(SOURCE DATA)
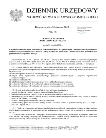 DZIENNIK URZĘDOWY WOJEWÓDZTWA KUJAWSKO-POMORSKIEGO Bydgoszcz, dnia 10 stycznia 2017 r. Elektronicznie podpisany przez: Agnieszka Makara Poz. 187 Data: 2017-01-10 10:03:10 UCHWAŁA Nr XX/133/16 RADY GMINY BARTNICZKA z dnia 29 grudnia 2016 r. w sprawie ustalenia trybu udzielania i rozliczania dotacji dla publicznych i niepublicznych podmiotów oświatowych prowadzonych na terenie Gminy Bartniczka oraz trybu i zakresu kontroli prawidłowości pobrania i wykorzystania dotacji Na podstawie art. 18 ust. 2 pkt 15 i art. 40 ust. 1 ustawy z dnia 8 marca 1990 r. o samorządzie gminnym (Dz.U z 2016 r. poz. 446 z późn. zm1)) oraz art. 80 ust. 4 i art. 90 ust. 4 ustawy z dnia 7 września 1991 r. o systemie oświaty (Dz.U. z 2016 r. poz. 1943 z późn. zm2)) Rada Gminy Bartniczka uchwala, co następuje: § 1. Uchwała określa tryb udzielania i rozliczania dotacji oraz tryb i zakres kontroli prawidłowości ich pobrania i wykorzystania dla publicznych i niepublicznych prowadzonych przez osoby prawny lub fizyczne: 1) przedszkoli; 2) oddziałów przedszkolnych w szkołach podstawowych; 3) innych form wychowania przedszkolnego (punktów przedszkolnych i zespołów wychowania przedszkolnego); 4) przedszkoli specjalnych; 5) szkół realizujących obowiązek szkolny, w tym z oddziałami integracyjnymi; 6) podmiotów oświatowych prowadzących zajęcia rewalidacyjno-wychowawcze; 7) podmiotów oświatowych realizujących wczesne wspomaganie rozwoju dziecka. § 2. Ilekroć w niniejszej uchwale mówi się, bez bliższego określenia, o: - organie dotującym – należy przez to rozumieć Gminę Bartniczka, - podmiocie oświatowym – należy przez to rozumieć placówki wymienione w § 1, - podstawowej kwocie dotacji – należy przez to rozumieć odpowiednio podstawowe kwoty dotacji, o których mowa w art. 78b ust. 1-3 ustawy, - uczniu – należy przez to rozumieć także wychowanka, - ustawie należy przez to rozumieć ustawę z dnia 7 września 1991r. o systemie oświaty (Dz.U. z 2016 r. poz. 1943 z późń. zm.). § 3.1. Publiczne przedszkola, niebędące przedszkolami specjalnymi, otrzymują na każdego ucznia z budżetu Gminy Bartniczka dotację w wysokości równej podstawowej kwocie dotacji dla przedszkoli, z zastrzeżeniem ust. 10. 2. Niepubliczne przedszkola, niebędące przedszkolami specjalnymi, spełniające wymagania określone w art. 90 ust. 1b ustawy, otrzymują na każdego ucznia z budżetu Gminy Bartniczka dotację w wysokości równej podstawowej kwocie dotacji dla przedszkoli, z zastrzeżeniem ust. 10. 1) 2) Zmiany tekstu jednolitego wymienionej ustawy zostały ogłoszone w Dz.U. z 2016 r. poz. 1579. Zmiany tekstu jednolitego wymienionej ustawy zostały ogłoszone Dz.U. z 2016 r. poz. 1985. Dziennik Urzędowy Województwa Kujawsko-Pomorskiego –2– Poz. 187 3. Niepubliczne przedszkola, niebędące przedszkolami specjalnymi, które nie spełniają warunków określonych w art. 90 ust. 1b ustawy, otrzymują na każdego ucznia z budżetu Gminy Bartniczka dotację w wysokości równej 75% podstawowej kwoty dotacji dla przedszkoli, z zastrzeżeniem ust. 10. 4. Publiczne szkoły podstawowe, w których zorganizowano oddział przedszkolny, niebędące szkołami podstawowymi specjalnymi, otrzymują na każdego ucznia tego oddziału przedszkolnego z budżetu Gminy Bartniczka dotację w wysokości równej podstawowej kwocie dotacji dla szkół podstawowych, w których zorganizowano oddział przedszkolny, z zastrzeżeniem ust. 10. 5. Niepubliczne szkoły podstawowe, w których zorganizowano oddział przedszkolny, niebędące szkołami podstawowymi specjalnymi, spełniające wymagania określone w art. 90 ust. 1b ustawy, otrzymują na każdego ucznia tego oddziału przedszkolnego z budżetu Gminy Bartniczka dotację w wysokości równej podstawowej kwocie dotacji dla szkół podstawowych, w których zorganizowano oddział przedszkolny, z zastrzeżeniem ust. 10. 6. Niepubliczne szkoły podstawowe, w których zorganizowano oddział przedszkolny, niebędące szkołami podstawowymi specjalnymi, niespełniające warunków, o których mowa w art. 90 ust. 1ba ustawy, otrzymują na każdego ucznia oddziału przedszkolnego z budżetu Gminy Bartniczka dotację w wysokości równej 75% podstawowej kwoty dotacji dla szkół podstawowych, w których zorganizowano oddział przedszkolny, z zastrzeżeniem ust. 10. 7. Osoba prawna niebędąca jednostką samorządu terytorialnego lub osoba fizyczna prowadząca wychowanie przedszkolne w publicznej innej formie wychowania przedszkolnego, otrzymuje na każdego ucznia dotację z budżetu Gminy Bartniczka w wysokości równej 50% podstawowej kwoty dotacji dla przedszkoli, z zastrzeżeniem ust. 10. 8. Osoba prawna lub osoba fizyczna prowadząca wychowanie przedszkolne w niepublicznej innej formie wychowania przedszkolnego, spełniającej wymagania określone w art. 90 ust. 1c ustawy, otrzymuje na każdego ucznia z budżetu Gminy Bartniczka dotację w wysokości równej 50% podstawowej kwoty dotacji dla przedszkoli, z zastrzeżeniem ust. 10. 9. Osoba prowadząca wychowanie przedszkolne w niepublicznej innej formie wychowania przedszkolnego, niespełniającej warunków, o których mowa w art. 90 ust. 1c ustawy, otrzymuje na każdego ucznia dotację z budżetu Gminy Bartniczka w wysokości równej 40% podstawowej kwoty dotacji dla przedszkoli, z zastrzeżeniem ust. 10. 10. Dotacja na niepełnosprawnego ucznia przedszkola, oddziału przedszkolnego w szkole podstawowej i innej formy wychowania przedszkolnego, o których mowa w ust, 1-9, otrzymywana z budżetu Gminy Bartniczka, nie może być niższa niż kwota przewidziana na takiego ucznia niepełnosprawnego, odpowiednio przedszkola, oddziału przedszkolnego w szkole podstawowej i innej formy wychowania przedszkolnego w części oświatowej subwencji ogólnej dla Gminy Bartniczka. 11. Publiczne przedszkola specjalne otrzymują na każdego ucznia z budżetu Gminy Bartniczka dotację w wysokości równej kwocie przewidzianej n
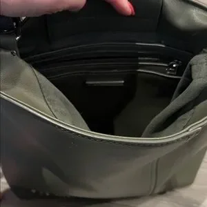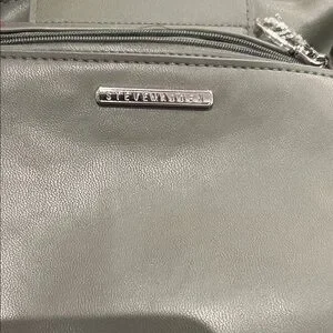 Chic and versatile Steve Madden shoulder bag in a beautiful sage/soft gray tone. This bag is perfect for everyday wear with its soft vegan leather, clean minimalist design, and silver hardware detail.
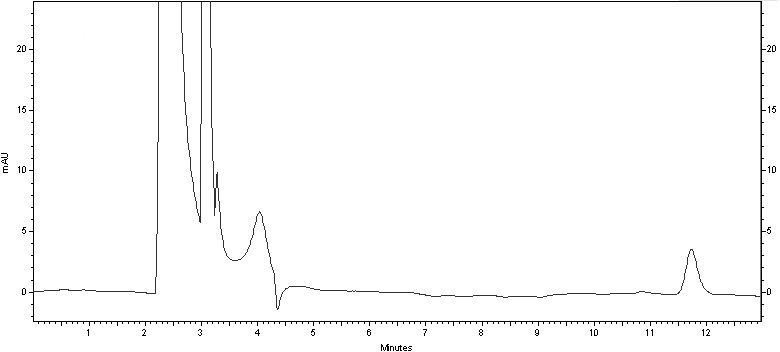 Initial runs were performed using similar mobile phases and internal standard as those used by other authors [3,9-13,16-18]. With the initial use of a mobile phase (MP) made up with phosphate buffer, pH 3/acetonitrile at a 98:2 ratio, phosphate crystals precipitation was observed. Therefore, to prevent collapse and damage of the column we substituted phosphate buffer pH 3 by sodium acetate buffer pH5, in the MP. This new MP was tested at various proportions, ranging from 90:10 to 99.5:0.5, using various flows and gradients.

(TASK DETAILS) Please produce an exact copy of the listing, omitting the pictures.

(EXERCISE RESPONSE)
 DZIENNIK URZĘDOWY WOJEWÓDZTWA KUJAWSKO-POMORSKIEGO Bydgoszcz, dnia 10 stycznia 2017 r. Elektronicznie podpisany przez: Agnieszka Makara Poz. 187 Data: 2017-01-10 10:03:10 UCHWAŁA Nr XX/133/16 RADY GMINY BARTNICZKA z dnia 29 grudnia 2016 r. w sprawie ustalenia trybu udzielania i rozliczania dotacji dla publicznych i niepublicznych podmiotów oświatowych prowadzonych na terenie Gminy Bartniczka oraz trybu i zakresu kontroli prawidłowości pobrania i wykorzystania dotacji Na podstawie art. 18 ust. 2 pkt 15 i art. 40 ust. 1 ustawy z dnia 8 marca 1990 r. o samorządzie gminnym (Dz.U z 2016 r. poz. 446 z późn. zm1)) oraz art. 80 ust. 4 i art. 90 ust. 4 ustawy z dnia 7 września 1991 r. o systemie oświaty (Dz.U. z 2016 r. poz. 1943 z późn. zm2)) Rada Gminy Bartniczka uchwala, co następuje: § 1. Uchwała określa tryb udzielania i rozliczania dotacji oraz tryb i zakres kontroli prawidłowości ich pobrania i wykorzystania dla publicznych i niepublicznych prowadzonych przez osoby prawny lub fizyczne: 1) przedszkoli; 2) oddziałów przedszkolnych w szkołach podstawowych; 3) innych form wychowania przedszkolnego (punktów przedszkolnych i zespołów wychowania przedszkolnego); 4) przedszkoli specjalnych; 5) szkół realizujących obowiązek szkolny, w tym z oddziałami integracyjnymi; 6) podmiotów oświatowych prowadzących zajęcia rewalidacyjno-wychowawcze; 7) podmiotów oświatowych realizujących wczesne wspomaganie rozwoju dziecka. § 2. Ilekroć w niniejszej uchwale mówi się, bez bliższego określenia, o: - organie dotującym – należy przez to rozumieć Gminę Bartniczka, - podmiocie oświatowym – należy przez to rozumieć placówki wymienione w § 1, - podstawowej kwocie dotacji – należy przez to rozumieć odpowiednio podstawowe kwoty dotacji, o których mowa w art. 78b ust. 1-3 ustawy, - uczniu – należy przez to rozumieć także wychowanka, - ustawie należy przez to rozumieć ustawę z dnia 7 września 1991r. o systemie oświaty (Dz.U. z 2016 r. poz. 1943 z późń. zm.). § 3.1. Publiczne przedszkola, niebędące przedszkolami specjalnymi, otrzymują na każdego ucznia z budżetu Gminy Bartniczka dotację w wysokości równej podstawowej kwocie dotacji dla przedszkoli, z zastrzeżeniem ust. 10. 2. Niepubliczne przedszkola, niebędące przedszkolami specjalnymi, spełniające wymagania określone w art. 90 ust. 1b ustawy, otrzymują na każdego ucznia z budżetu Gminy Bartniczka dotację w wysokości równej podstawowej kwocie dotacji dla przedszkoli, z zastrzeżeniem ust. 10. 1) 2) Zmiany tekstu jednolitego wymienionej ustawy zostały ogłoszone w Dz.U. z 2016 r. poz. 1579. Zmiany tekstu jednolitego wymienionej ustawy zostały ogłoszone Dz.U. z 2016 r. poz. 1985. Dziennik Urzędowy Województwa Kujawsko-Pomorskiego –2– Poz. 187 3. Niepubliczne przedszkola, niebędące przedszkolami specjalnymi, które nie spełniają warunków określonych w art. 90 ust. 1b ustawy, otrzymują na każdego ucznia z budżetu Gminy Bartniczka dotację w wysokości równej 75% podstawowej kwoty dotacji dla przedszkoli, z zastrzeżeniem ust. 10. 4. Publiczne szkoły podstawowe, w których zorganizowano oddział przedszkolny, niebędące szkołami podstawowymi specjalnymi, otrzymują na każdego ucznia tego oddziału przedszkolnego z budżetu Gminy Bartniczka dotację w wysokości równej podstawowej kwocie dotacji dla szkół podstawowych, w których zorganizowano oddział przedszkolny, z zastrzeżeniem ust. 10. 5. Niepubliczne szkoły podstawowe, w których zorganizowano oddział przedszkolny, niebędące szkołami podstawowymi specjalnymi, spełniające wymagania określone w art. 90 ust. 1b ustawy, otrzymują na każdego ucznia tego oddziału przedszkolnego z budżetu Gminy Bartniczka dotację w wysokości równej podstawowej kwocie dotacji dla szkół podstawowych, w których zorganizowano oddział przedszkolny, z zastrzeżeniem ust. 10. 6. Niepubliczne szkoły podstawowe, w których zorganizowano oddział przedszkolny, niebędące szkołami podstawowymi specjalnymi, niespełniające warunków, o których mowa w art. 90 ust. 1ba ustawy, otrzymują na każdego ucznia oddziału przedszkolnego z budżetu Gminy Bartniczka dotację w wysokości równej 75% podstawowej kwoty dotacji dla szkół podstawowych, w których zorganizowano oddział przedszkolny, z zastrzeżeniem ust. 10. 7. Osoba prawna niebędąca jednostką samorządu terytorialnego lub osoba fizyczna prowadząca wychowanie przedszkolne w publicznej innej formie wychowania przedszkolnego, otrzymuje na każdego ucznia dotację z budżetu Gminy Bartniczka w wysokości równej 50% podstawowej kwoty dotacji dla przedszkoli, z zastrzeżeniem ust. 10. 8. Osoba prawna lub osoba fizyczna prowadząca wychowanie przedszkolne w niepublicznej innej formie wychowania przedszkolnego, spełniającej wymagania określone w art. 90 ust. 1c ustawy, otrzymuje na każdego ucznia z budżetu Gminy Bartniczka dotację w wysokości równej 50% podstawowej kwoty dotacji dla przedszkoli, z zastrzeżeniem ust. 10. 9. Osoba prowadząca wychowanie przedszkolne w niepublicznej innej formie wychowania przedszkolnego, niespełniającej warunków, o których mowa w art. 90 ust. 1c ustawy, otrzymuje na każdego ucznia dotację z budżetu Gminy Bartniczka w wysokości równej 40% podstawowej kwoty dotacji dla przedszkoli, z zastrzeżeniem ust. 10. 10. Dotacja na niepełnosprawnego ucznia przedszkola, oddziału przedszkolnego w szkole podstawowej i innej formy wychowania przedszkolnego, o których mowa w ust, 1-9, otrzymywana z budżetu Gminy Bartniczka, nie może być niższa niż kwota przewidziana na takiego ucznia niepełnosprawnego, odpowiednio przedszkola, oddziału przedszkolnego w szkole podstawowej i innej formy wychowania przedszkolnego w części oświatowej subwencji ogólnej dla Gminy Bartniczka. 11. Publiczne przedszkola specjalne otrzymują na każdego ucznia z budżetu Gminy Bartniczka dotację w wysokości równej kwocie przewidzianej n
 Chic and versatile Steve Madden shoulder bag in a beautiful sage/soft gray tone. This bag is perfect for everyday wear with its soft vegan leather, clean minimalist design, and silver hardware detail.
 Initial runs were performed using similar mobile phases and internal standard as those used by other authors [3,9-13,16-18]. With the initial use of a mobile phase (MP) made up with phosphate buffer, pH 3/acetonitrile at a 98:2 ratio, phosphate crystals precipitation was observed. Therefore, to prevent collapse and damage of the column we substituted phosphate buffer pH 3 by sodium acetate buffer pH5, in the MP. This new MP was tested at various proportions, ranging from 90:10 to 99.5:0.5, using various flows and gradients.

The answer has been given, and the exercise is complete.